TASK GOAL - What you should give back is every line from the one containing "en argent, l’un" through the last line of the records below, word for word and without pictures.
═════ MATERIAL SUPPLIED ═════
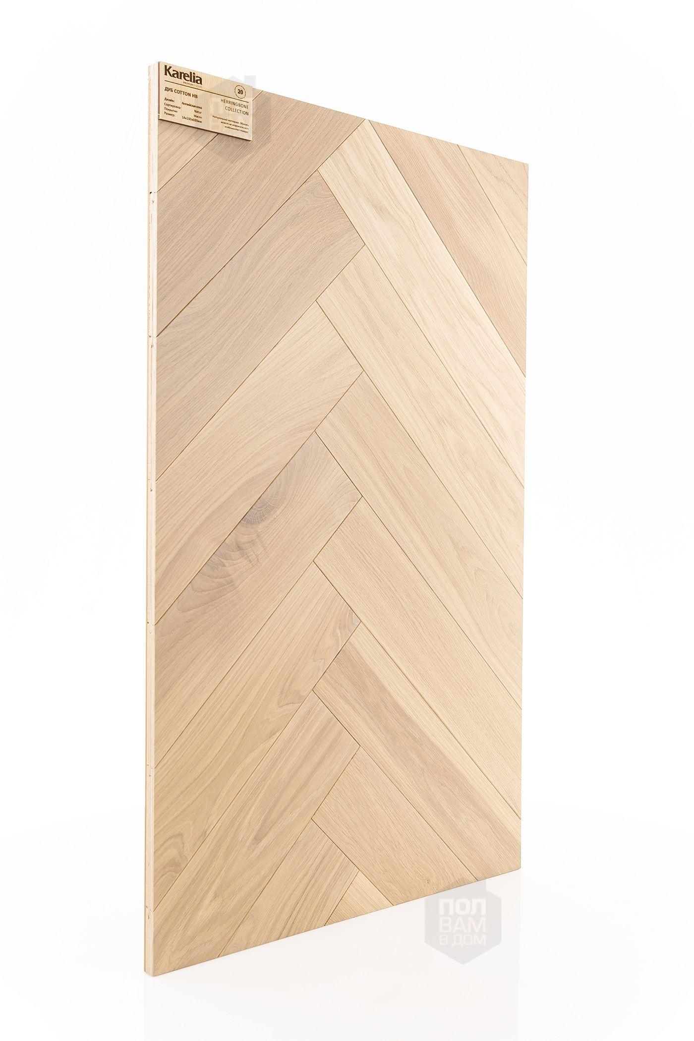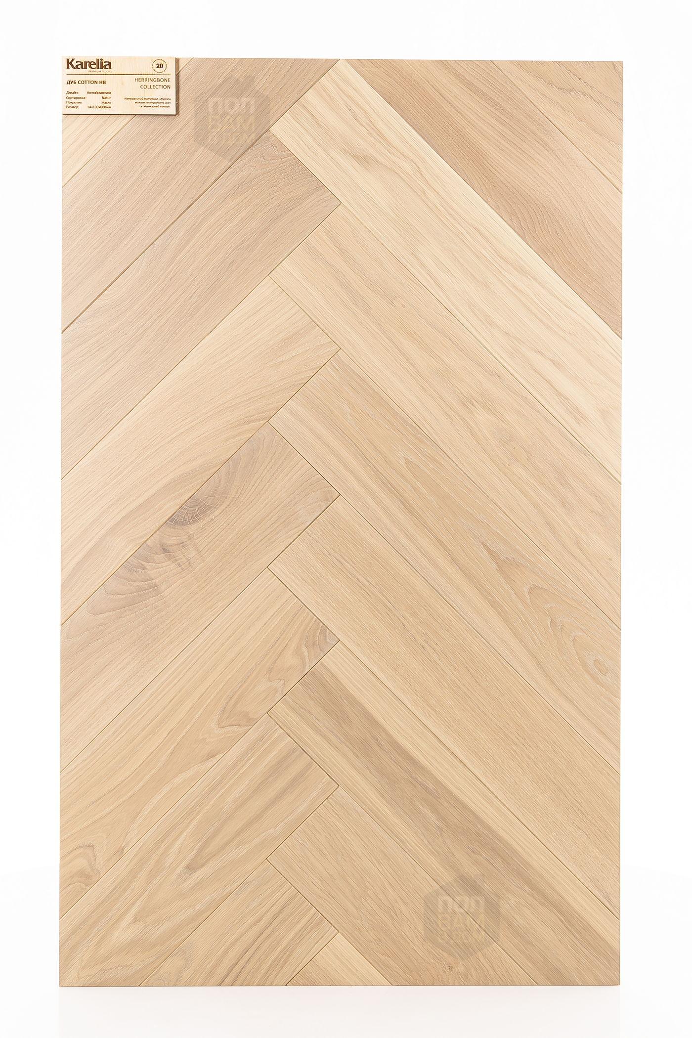 Инженерная доска Karelia Дуб Cotton HB - цена 7 900 руб. за квадратный метр. Это покрытие толщиной 14 мм, порода дерева - дуб, сортировка - натур, фаска с 4-х сторон. Брашированная поверхность инженерной доски имеет светлый оттенок и матовый блеск. Для того, чтобы купить в Санкт-Петербурге инженерную доску из коллекции Karelia Herringbone Дуб Cotton HB, положите товар в корзину или свяжитесь с нами любым доступным способом. Товар есть в наличии.
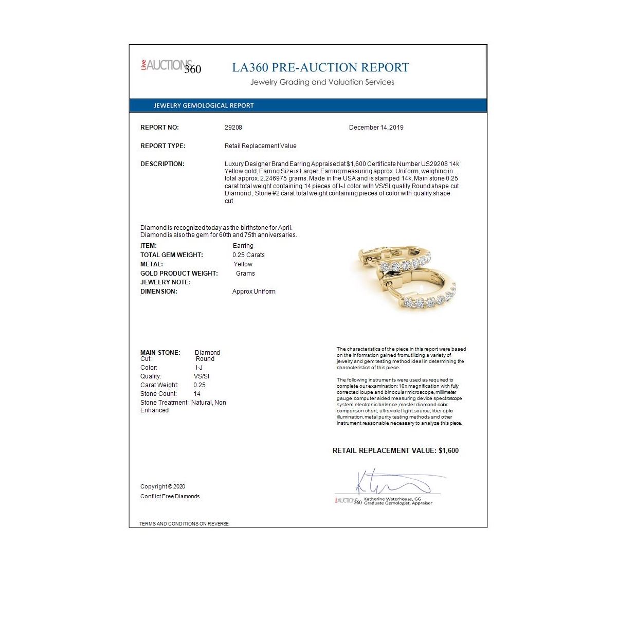 REF-24N5F - SKU: 29208 ---- 0.25 ctw Diamond VS/SI Hoop Earrings 14k Yellow Gold
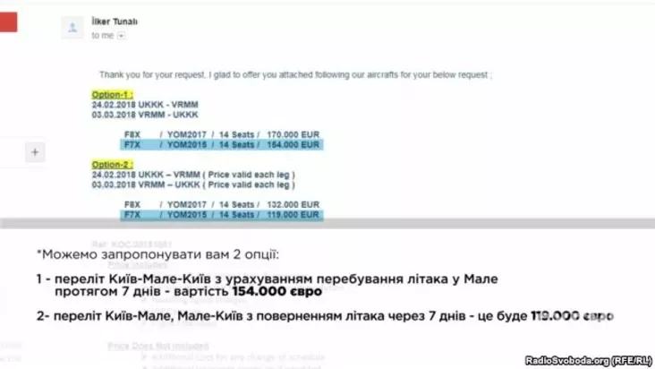«Схемы» накіравалі ліст авіякампаніі і спыталі пра кошт пералёту на Falcon 7X. Згодна з прадстаўленай інфармацыяй, журналісты выказалі здагадку, што арэнда борта з прастоем на працягу амаль усяго перыяду адпачынку каштавала прэзідэнту прыкладна ў 154 000 еўра.
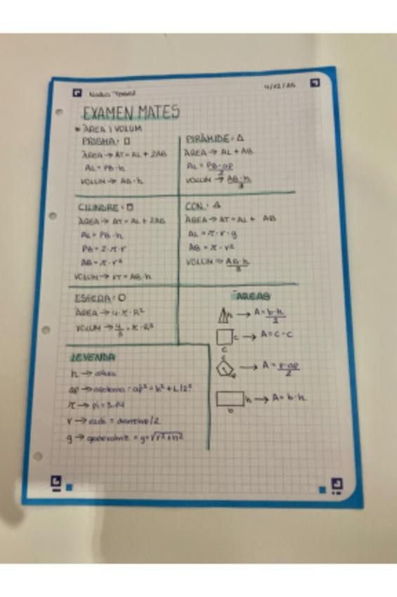 Resumen/esquema de geometría con la área y volumen de cueros en 3D: prisma, pirámide, cilindro, cono y esféra.
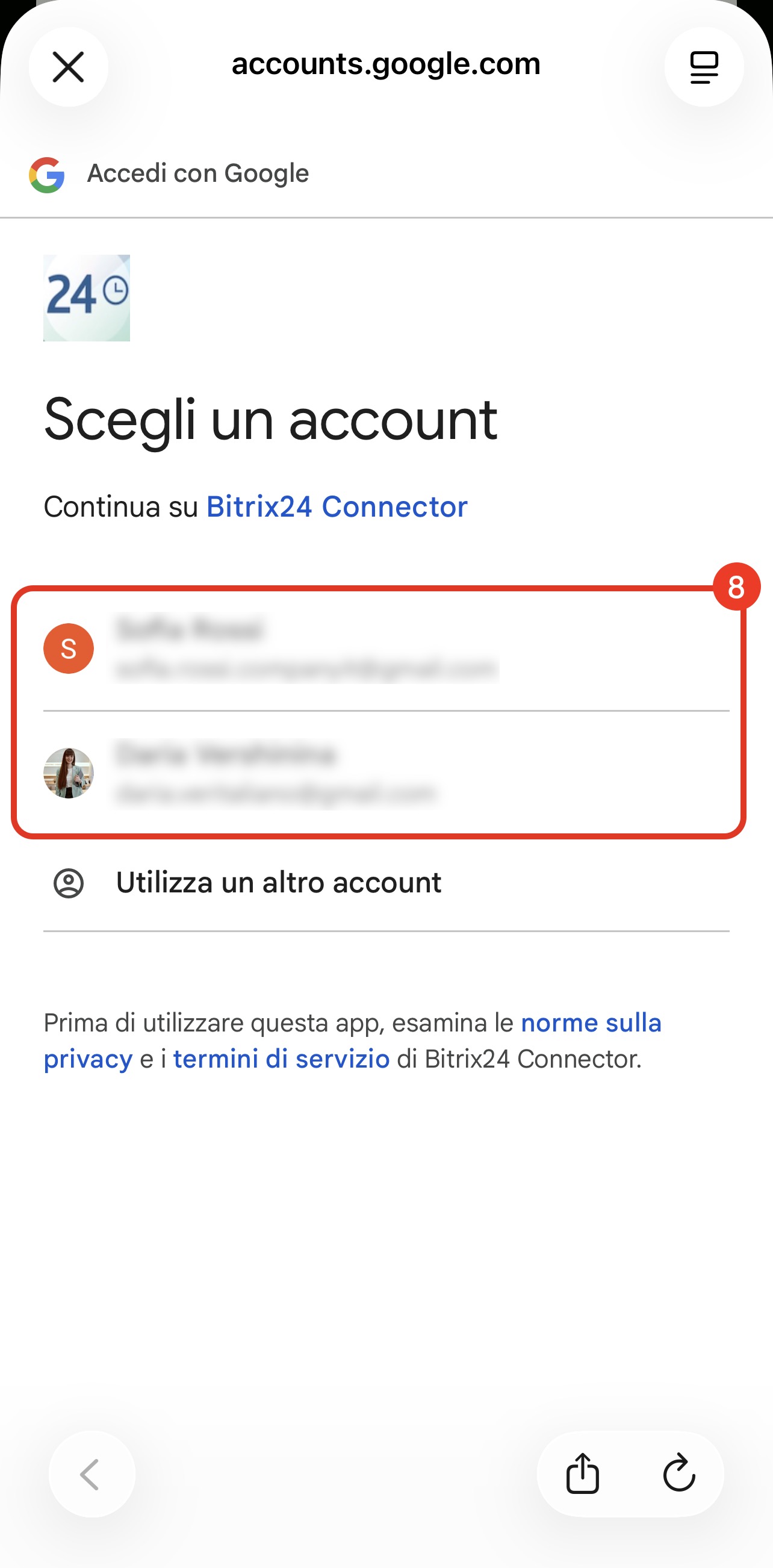 8. Se hai più account, seleziona quello necessario.
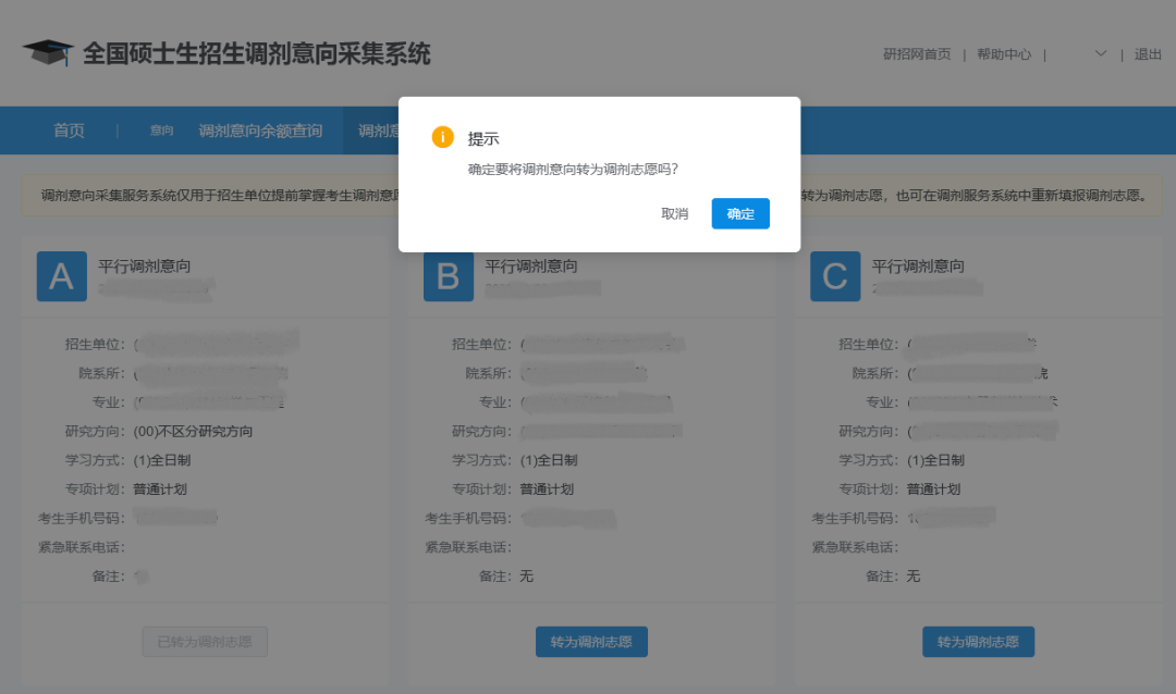 第五步:4月8日,调剂服务系统开通后,在满足条件的前提下,考生可将调剂意向转为调剂服务系统中的调剂志愿(最多只能转3个)。
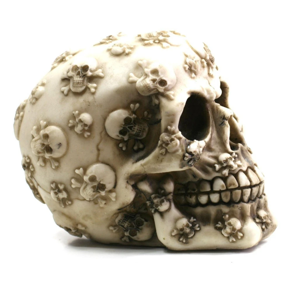Cette statuette de crâne gothique est en résine décoré de multiples têtes de mort.
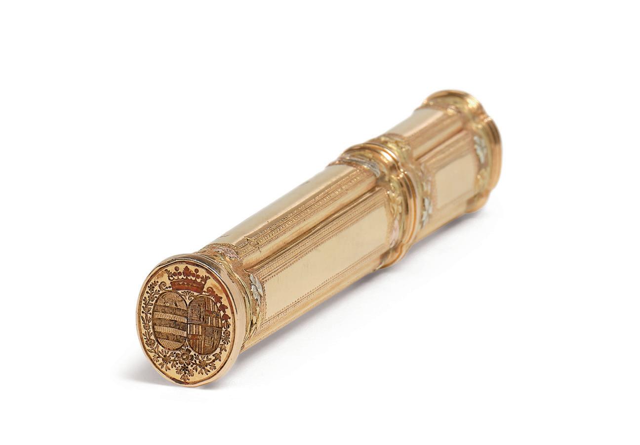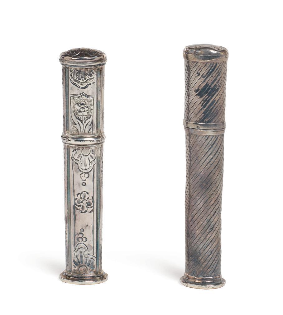en argent, l’un à décor torsadé (poinçon cygne), l’autre à décor de fleurs. Une matrice gravée d’un monograme sous couronne. Travail étranger fin XVIIIe, début du XIXe siècle.
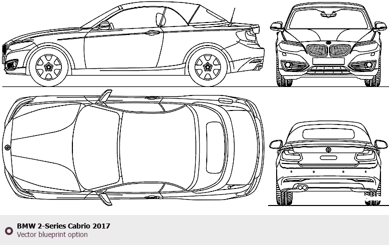 Raster blueprint of the 2017 BMW 2-Series Cabrio Cabriolet. This free downloadable image can be used for graphic projects, digital design, and 3D modeling. The file provides accurate exterior proportions of the vehicle. Model year: 2017. Body type: Cabriolet.
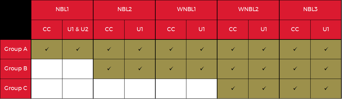 The table below shows the different competitions and what group you would need to be to officiate those competitions. Please note, you must be a Level 3 Referee to be placed into Group B and above.
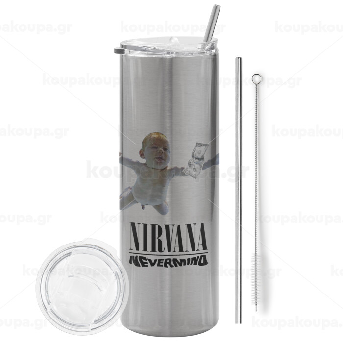 Nirvana nevermind, Tumbler stainless steel Silver 600ml, with metal straw & cleaning brush
═════
TASK ANSWER -
en argent, l’un à décor torsadé (poinçon cygne), l’autre à décor de fleurs. Une matrice gravée d’un monograme sous couronne. Travail étranger fin XVIIIe, début du XIXe siècle.
 Raster blueprint of the 2017 BMW 2-Series Cabrio Cabriolet. This free downloadable image can be used for graphic projects, digital design, and 3D modeling. The file provides accurate exterior proportions of the vehicle. Model year: 2017. Body type: Cabriolet.
 The table below shows the different competitions and what group you would need to be to officiate those competitions. Please note, you must be a Level 3 Referee to be placed into Group B and above.
 Nirvana nevermind, Tumbler stainless steel Silver 600ml, with metal straw & cleaning brush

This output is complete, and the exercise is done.